Pre-train a Seq2Seq model for a Quick Vietnamese Input Method by mapping Ascii syllables that missing marke and tones to UTF-8 syllables. E.g. toi noi tieng Viet => tôi nói tiếng Việt

Problem: Most popular Vietnamese input method is Telex, that require additional keypress to create marks and tones for Vietnamese syllable. E.g: tooi => tôi, nois => nói, tieengs => tiếng, Vieetj => Việt. It’s work just fine it you have are using laptop, desktop that have a physical QWERTY keyboard (typing with 8 fingers). But it’s slow and error-prone while using smartphones (virtual keyboard typing with 2 fingers) or featured-phones (using T9 with only 0-9 keys). By using ML to map the minimal Ascii version of syllables to utf-8 with full marks and tone syllables, I hope that we can improve the situation. Beside pre-train the model using big data from pre-defined text corpus, on-the-fly learning / adapting from the document user is typing also help to improve the accuracy since we tend to repeating the same terms, keywords or phrases …
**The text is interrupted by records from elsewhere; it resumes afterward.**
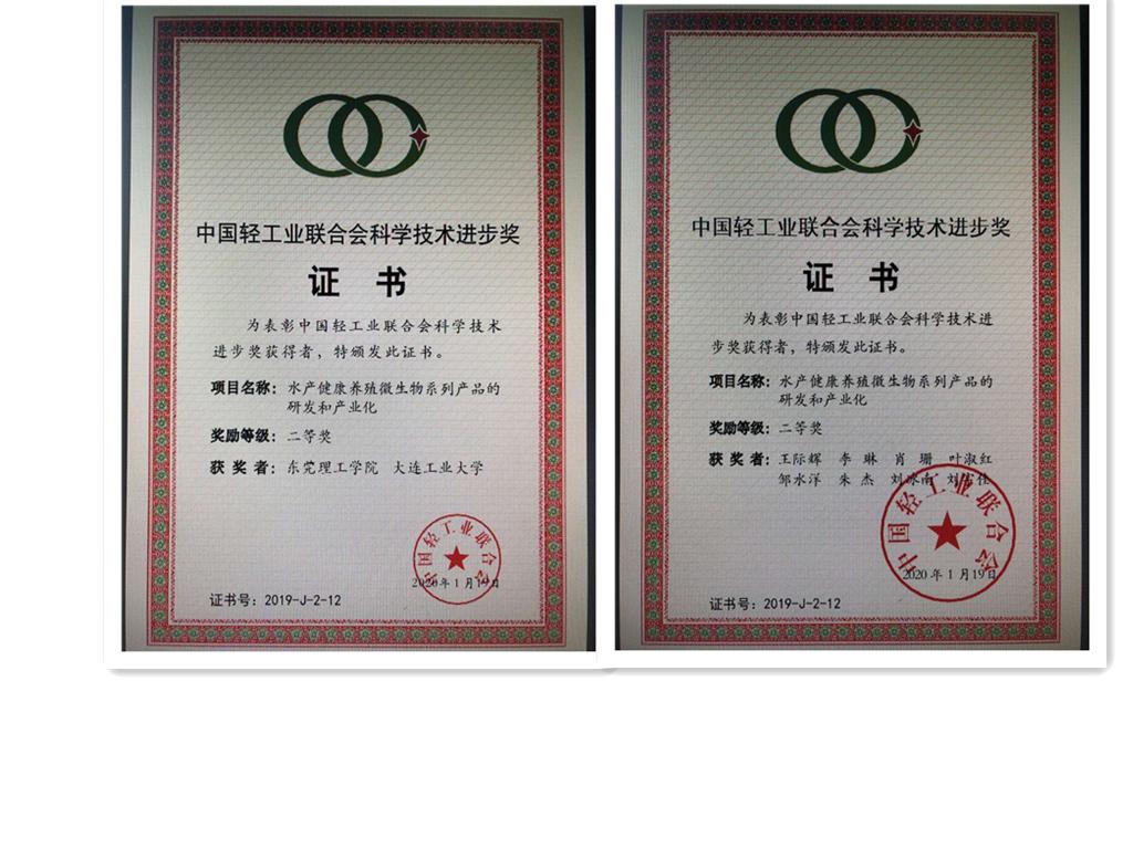 近日,由伟德国际victor1946王际辉教授主持的“水产健康养殖微生物系列产品的研发和产业化”项目获得2019年度中国轻工业联合会科技进步二等奖。
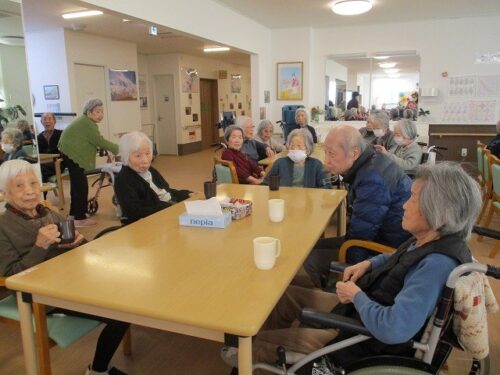 本日はお誕生日会の日のケーキを召し上がられている時の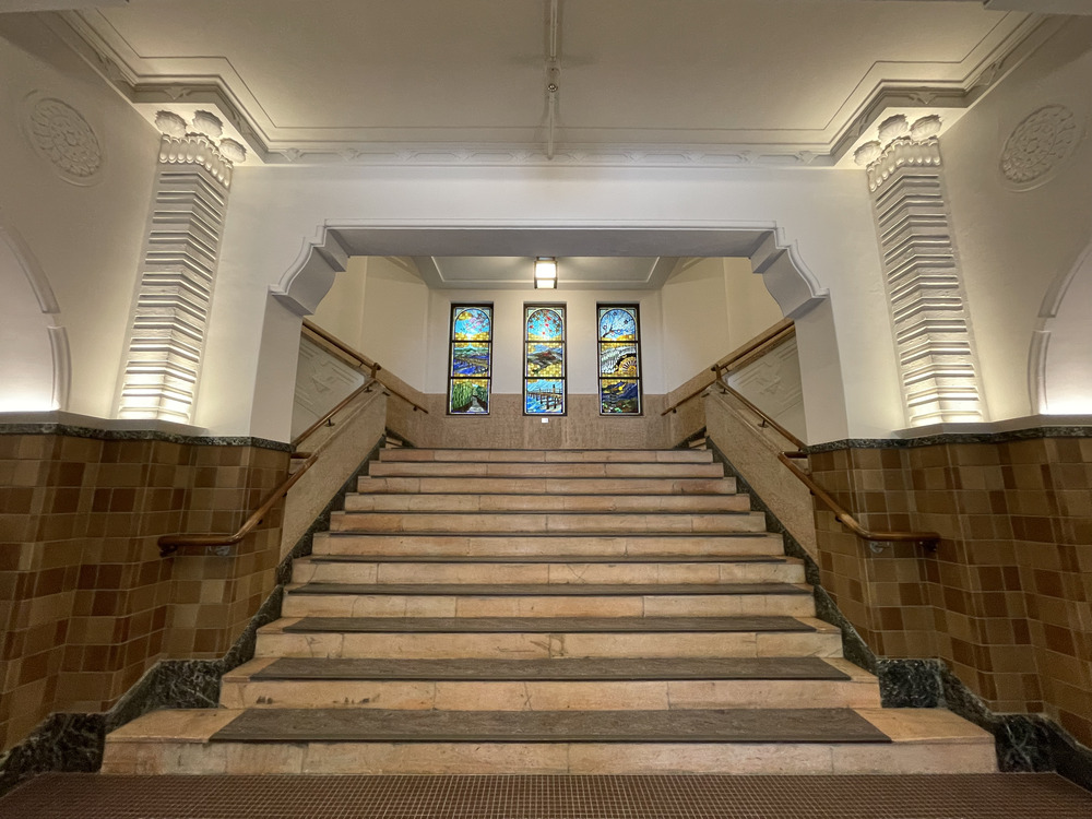 “関西建築界の父”武田五一が手がけた京都市役所本庁舎を、正庁の間から議場、地階免振スリットまで特別見学。さまざまな様式を巧みに融合させた、昭和初期ならではの豊かなデザインをもつ名庁舎です。玄関ホール、ステンドグラス、華やかな市会議場、戦時中の高射砲台座跡が残る屋上まで。リノベーションを手がけた元担当者の吉田さんとともに、じっくり堪能しましょう。

Model: I’m quite new to the field so have no idea which model is best for Vietnamese in general. Please discuss.

Data: GitHub - binhvq/news-corpus: Corpus tiếng việt
around 18.6 GB of internet news/articles crawled from 130 Vietnamese online news websites.

Method: As you see from the example in the project title. We can treat the problem as a sub-problem of spelling correction (deletion only). I guest can follow below project proposal as a foundation for the final solution.